Skip to content

Working with Tabular Data in TypeScript

High-performance data processing and schema validation for tabular data built on nodejs-polars (a Rust-based DataFrame library).

Terminal window
npm install fairspec

The table package provides core utilities for working with tabular data:

  • normalizeTable - Convert table data to match a schema
  • denormalizeTable - Convert normalized data back to raw format
  • inferTableSchemaFromTable - Automatically infer schema from table data
  • inspectTable - Get table structure information
  • queryTable - Query tables using SQL-like syntax

For example:

import { loadCsvTable, inferTableSchemaFromTable } from "fairspec"
const table = await loadCsvTable({ data: "data.csv" })
const schema = await inferTableSchemaFromTable(table)
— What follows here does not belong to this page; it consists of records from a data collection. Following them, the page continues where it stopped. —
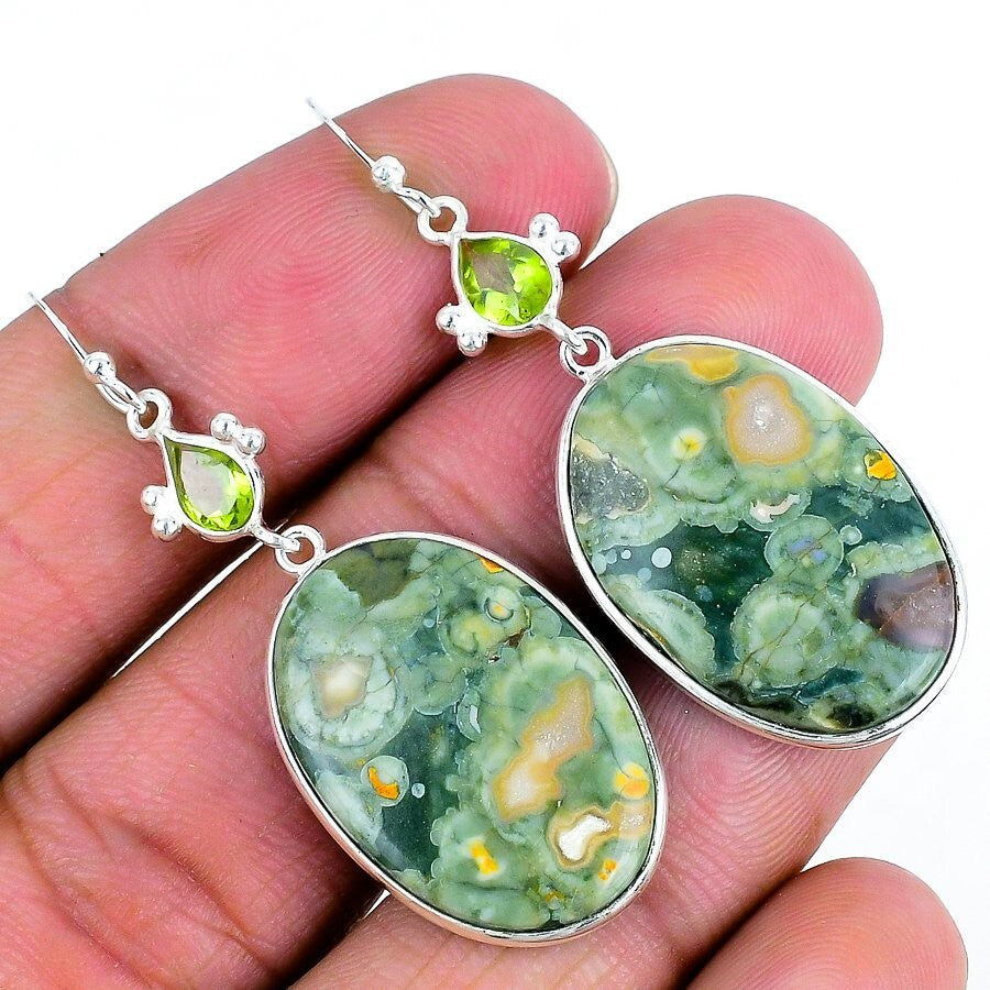 Ocean Jasper Stone Solid Sterling Silver Mothers day Boho Dangle Drop Earrings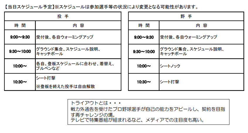 今日はトライアウトか。努力してる選手は報われて欲しいな。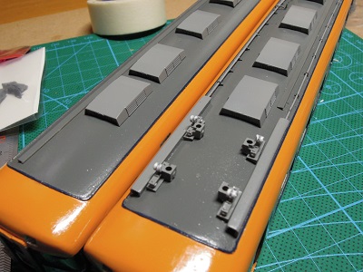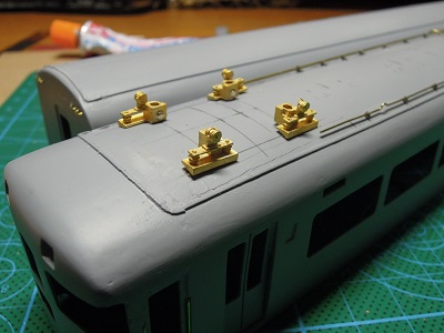 | ・車体組立(2017/8/9) 塗装した屋根上の機器類を取り付けます。 |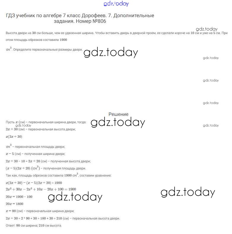 На страницах сайта gdz.today вы найдете учебный и вспомогательный материал, направленный на улучшения знаний школьной программы. ГДЗ - онлайн мир знаний Решение к упражнениям 806 Учебнику по Алгебре для 7 класса Дорофеев, Суворова Просвещение Академический школьный учебник 2020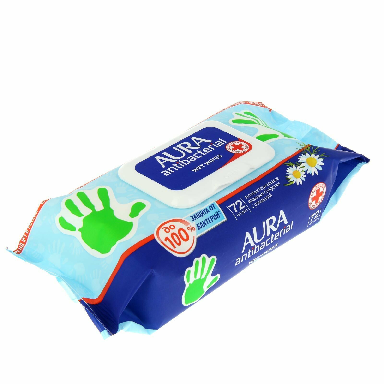 Aura Салфетки влажные очищающие антибактериальные с ромашкой, 72 шт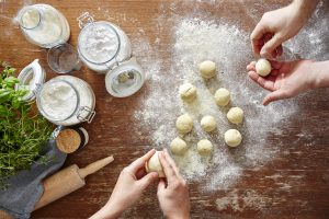 Strona główna » Kulki z nadzieniem robione we dwoje;-) » two people kneading dough bakig together wooden trable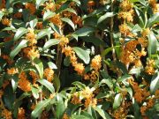 We also grow another Osmanthus fragrans cultivar called Aurantiacus or commonly called "Orange Blossom" tea olive. Unlike the more common Osmanthus fragrans, the Aurantiacus only blooms in fall and only on plants that are 4-5 feet tall. However, when it blooms it really puts on quite a show with bright orange blooms almost completely covering the branches. Same wonderful fragrance too!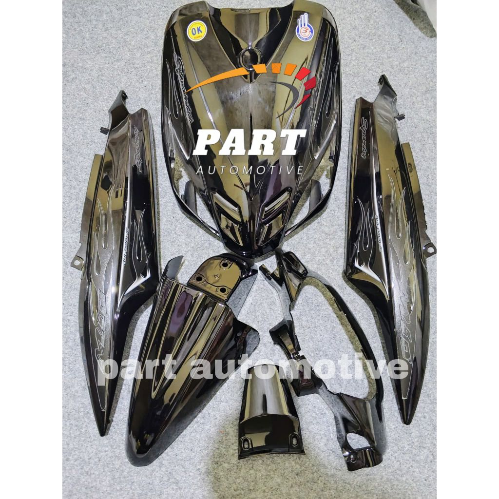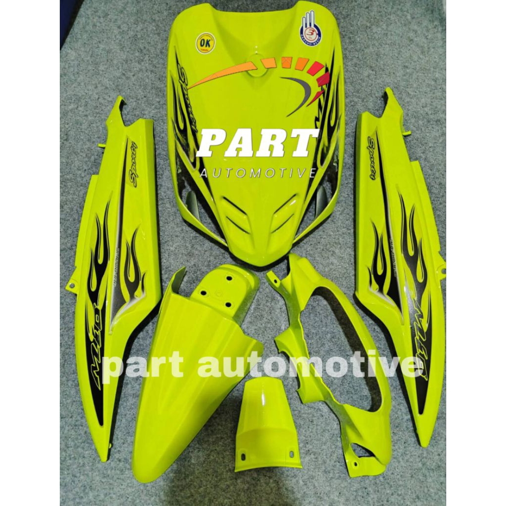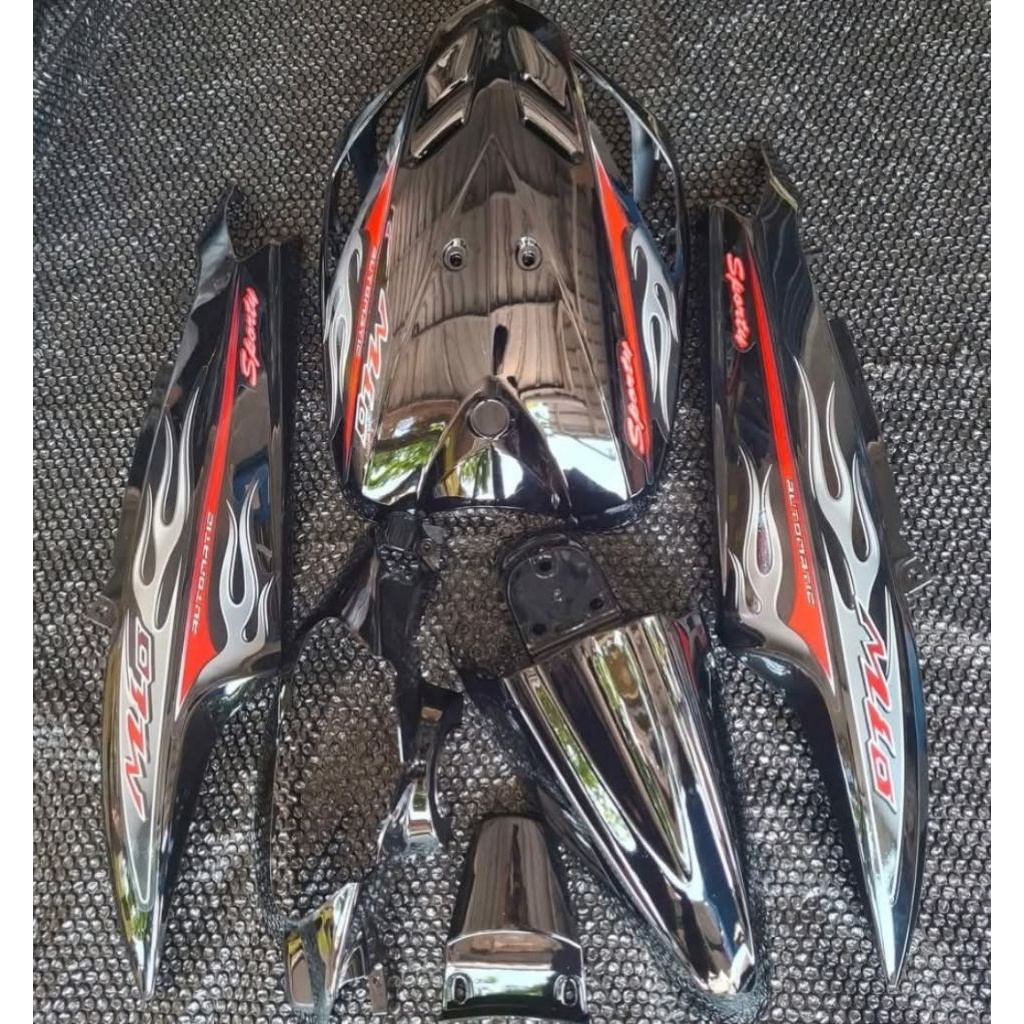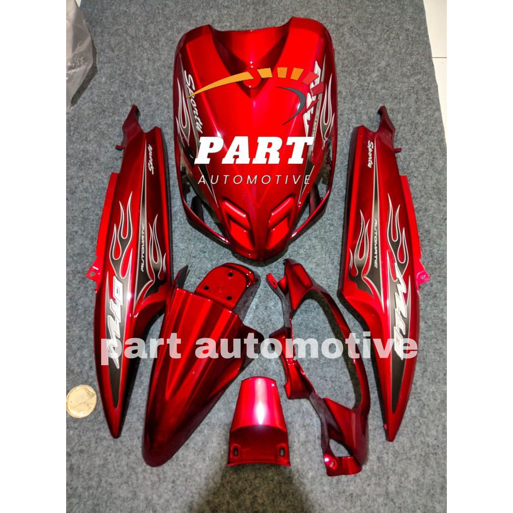 cover body full halus Mio sporty merah candy plus striping transparan api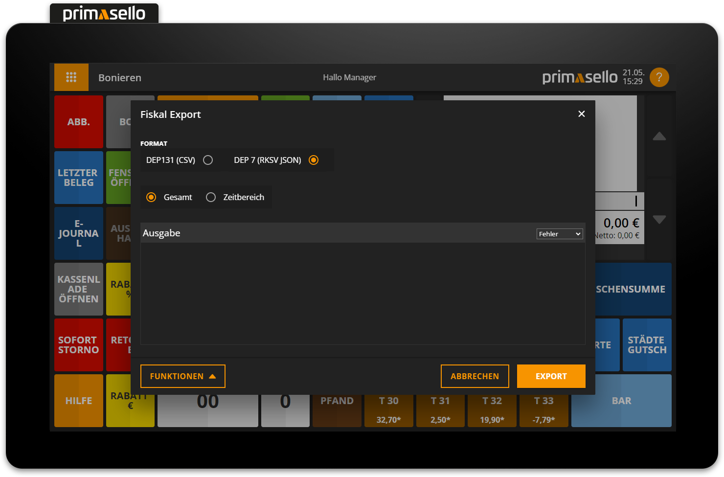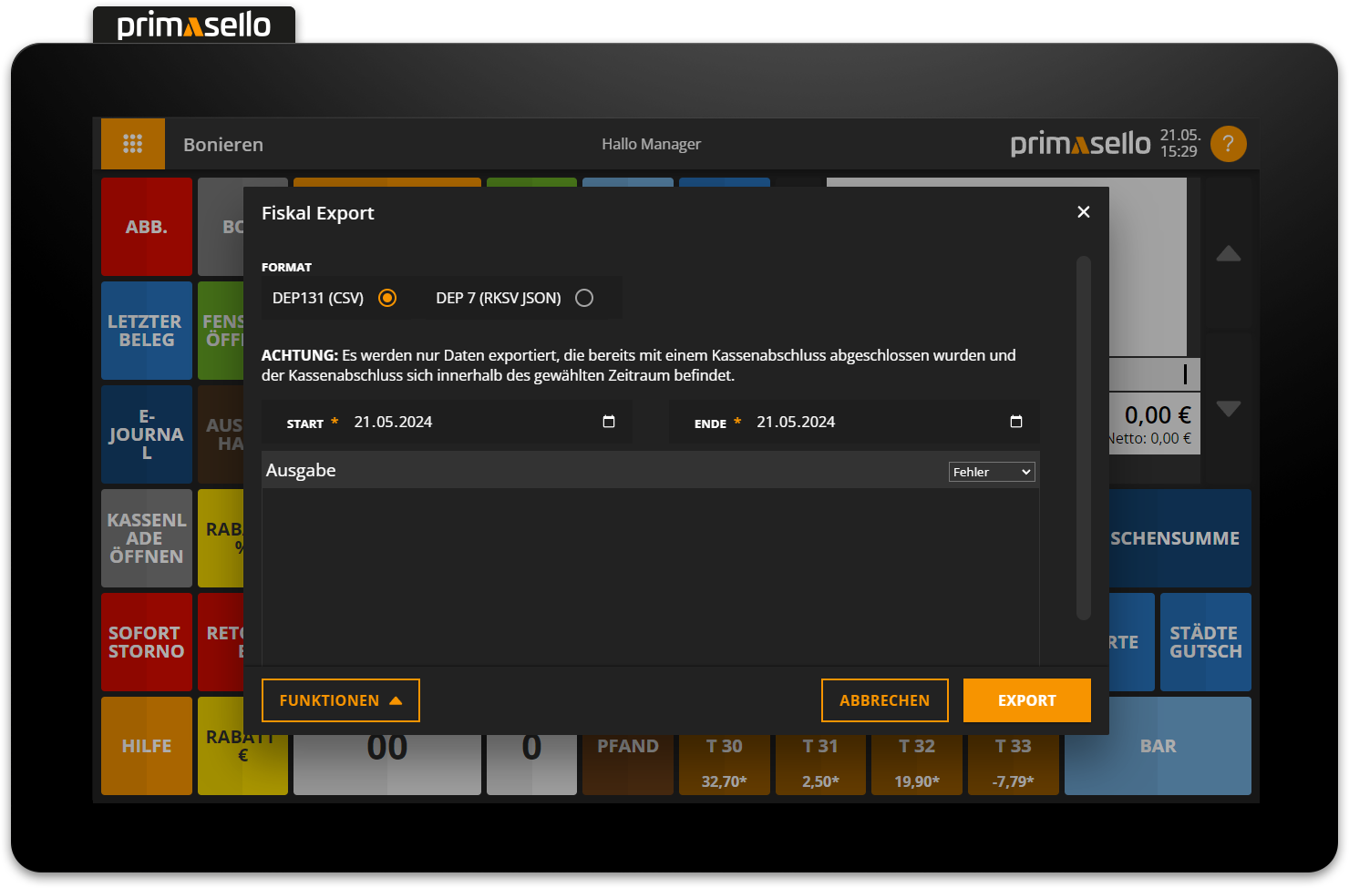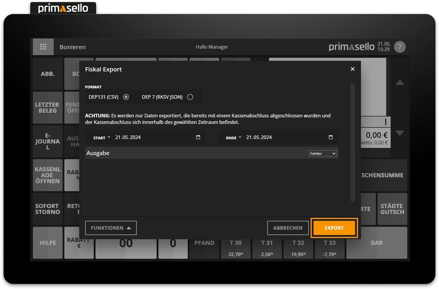 Es werden nur Daten exportiert, die bereits mit einem Kassenabschluss abgeschlossen wurden und der Kassenabschluss sich innerhalb des gewählten Zeitraums befindet.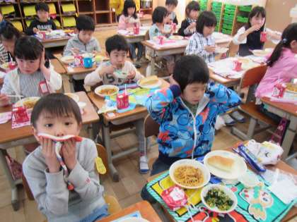1年生は初めての給食でした。エプロンを着け、初めての当番を一生懸命頑張っていました。そして、みんなで「いただきます!」「おいしい!」と言いながら食べてくれているのが印象的でした。
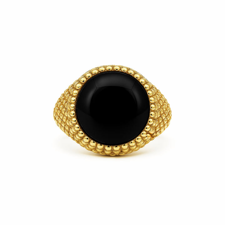 Unisex Adjustable Gold Ring With Black Onyx Bold Beaded Design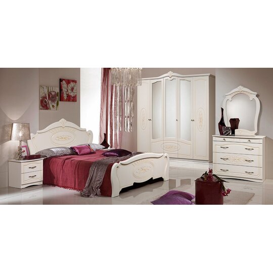 В комплект входит: кровать 1600*2000, тумба прикроватная 2 шт., комод с навесным зеркалом, шкаф 4-дверный. Матрас в цену спальни не входит, менеджер подберет его под Ваши потребности. Посмотреть все матрасы можно здесь.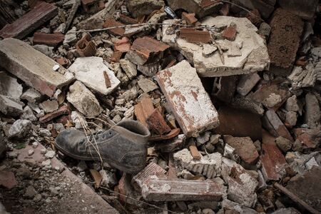 Abandoned boot on a pile of brick rubble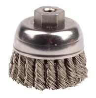 Weiler 2-3/4" Single Row Knot Wire Cup Brush provides heavy-duty brushing action with some flexibility. Ideal for demanding cleaning applications on relatively flat surfaces. 3/8"-24 nut for use on right angle grinders.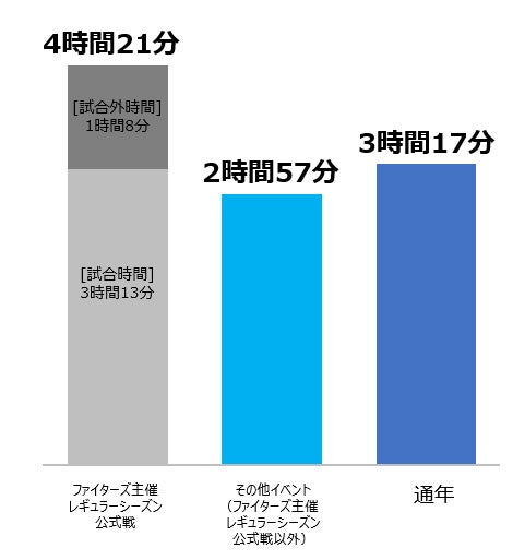 平均滞在時間は、3時間以上。試合日でも、ファイターズ主催レギュラーシーズン公式戦の試合日でも、試合外時間で1時間以上、Fビレッジに滞在しており、試合前後にも飲食やアクティビティを満喫いただいている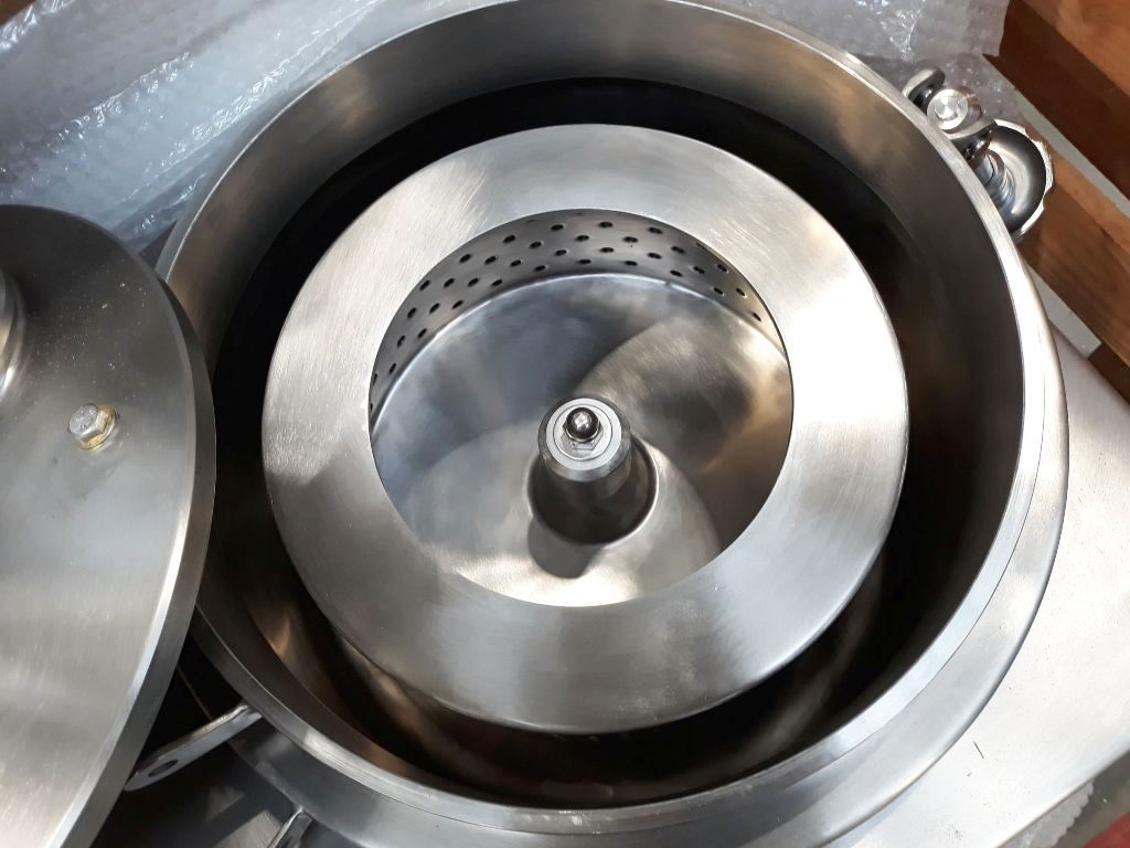 Equipped with a robust 2.2 KW XP motor, the Rousselet Robatel RC-30 Vx XP basket centrifuge operates on a versatile power supply of 220/380/3/50/60, making it adaptable to various industrial environments. The use of high-quality materials such as 316L stainless steel ensures durability and resistance to corrosion, which is essential for processing aggressive substances. The centrifuge also features PTFE gaskets and a PTFE spray nozzle, enhancing its chemical resistance and ensuring that the integrity of the processed materials is maintained. Additionally, the nitrogen blanketing system and hydraulic filtrate siphon contribute to the effective management of volatile compounds and the efficient removal of filtrate, respectively. The discharge membrane pump facilitates easy and controlled discharge of the processed materials, while the ATEX lamp ensures compliance with safety regulations in potentially explosive atmospheres. This unit, manufactured in 2017 and never used, is available FCA Europe, providing an excellent opportunity for buyers seeking reliable and high-performance centrifugation solutions.

Automatically infer Table Schema from data:

import * as pl from "nodejs-polars"
import { inferTableSchemaFromTable } from "fairspec"
// Create a table from data
const table = pl.DataFrame({
id: ["1", "2", "3"],
price: ["10.50", "25.00", "15.75"],
date: ["2023-01-15", "2023-02-20", "2023-03-25"],
active: ["true", "false", "true"]
}).lazy()
const schema = await inferTableSchemaFromTable(table, {
sampleRows: 100, // Sample size for inference
confidence: 0.9 // Confidence threshold
})
// Result: automatically detected integer, number, date, and boolean types

Convert table data to match a Table Schema (type conversion):

import * as pl from "nodejs-polars"
import { normalizeTable } from "fairspec"
import type { TableSchema } from "fairspec"
// Create table with string data
const table = pl.DataFrame({
id: ["1", "2", "3"],
price: ["10.50", "25.00", "15.75"],
active: ["true", "false", "true"],
date: ["2023-01-15", "2023-02-20", "2023-03-25"]
}).lazy()
// Define schema
const schema: TableSchema = {
properties: {
id: { type: "integer" },
price: { type: "number" },
active: { type: "boolean" },
date: { type: "date" }
}
}
const normalized = await normalizeTable(table, schema)
const result = await normalized.collect()
// Result has properly typed columns:
// { id: 1, price: 10.50, active: true, date: Date('2023-01-15') }

Convert normalized data back to raw format (for saving):

import { denormalizeTable } from "fairspec"
// Denormalize for saving (converts dates to strings, etc.)
const denormalized = await denormalizeTable(table, schema, {
nativeTypes: ["string", "number", "boolean"]
})

Define schemas with column properties and constraints:

import type { TableSchema } from "fairspec"
const schema: TableSchema = {
properties: {
id: {
type: "integer",
minimum: 1
},
name: {
type: "string",
minLength: 1,
maxLength: 100
},
email: {
type: "string",
pattern: "^[^@]+@[^@]+\\.[^@]+$"
},
age: {
type: "integer",
minimum: 0,
maximum: 150
},
status: {
type: "string",
enum: ["active", "inactive", "pending"]
}
},
required: ["id", "name", "email"],
primaryKey: ["id"]
}

Customize how schemas are inferred:

import { inferTableSchemaFromTable } from "fairspec"
const schema = await inferTableSchemaFromTable(table, {
sampleRows: 100, // Number of rows to sample
confidence: 0.9, // Confidence threshold for type detection
keepStrings: false, // Keep original string types
columnTypes: { // Override types for specific columns
id: "integer",
status: "categorical"
}
})

Define missing value indicators:

const schema: TableSchema = {
properties: {
value: { type: "number" }
},
missingValues: ["", "N/A", "null", -999]
}

Define table-level constraints:

const schema: TableSchema = {
properties: {
user_id: { type: "integer" },
email: { type: "string" }
},
primaryKey: ["user_id"],
uniqueKeys: [
{ columnNames: ["email"] }
]
}
  • string - Text data
  • integer - Whole numbers
  • number - Decimal numbers
  • boolean - True/false values
  • date - Calendar dates
  • datetime - Date and time
  • time - Time of day
  • duration - Time spans
  • geojson - GeoJSON geometries
  • wkt - Well-Known Text geometries
  • wkb - Well-Known Binary geometries
  • array - Fixed-length arrays
  • list - Variable-length lists
  • object - JSON objects
  • email - Email addresses
  • url - URLs
  • categorical - Categorical data
  • base64 - Base64 encoded data
  • hex - Hexadecimal data

The package uses LazyDataFrame from nodejs-polars for efficient processing:

import type { Table } from "fairspec"
import * as pl from "nodejs-polars"
// Table is an alias for pl.LazyDataFrame
const table: Table = pl.DataFrame({ id: [1, 2, 3] }).lazy()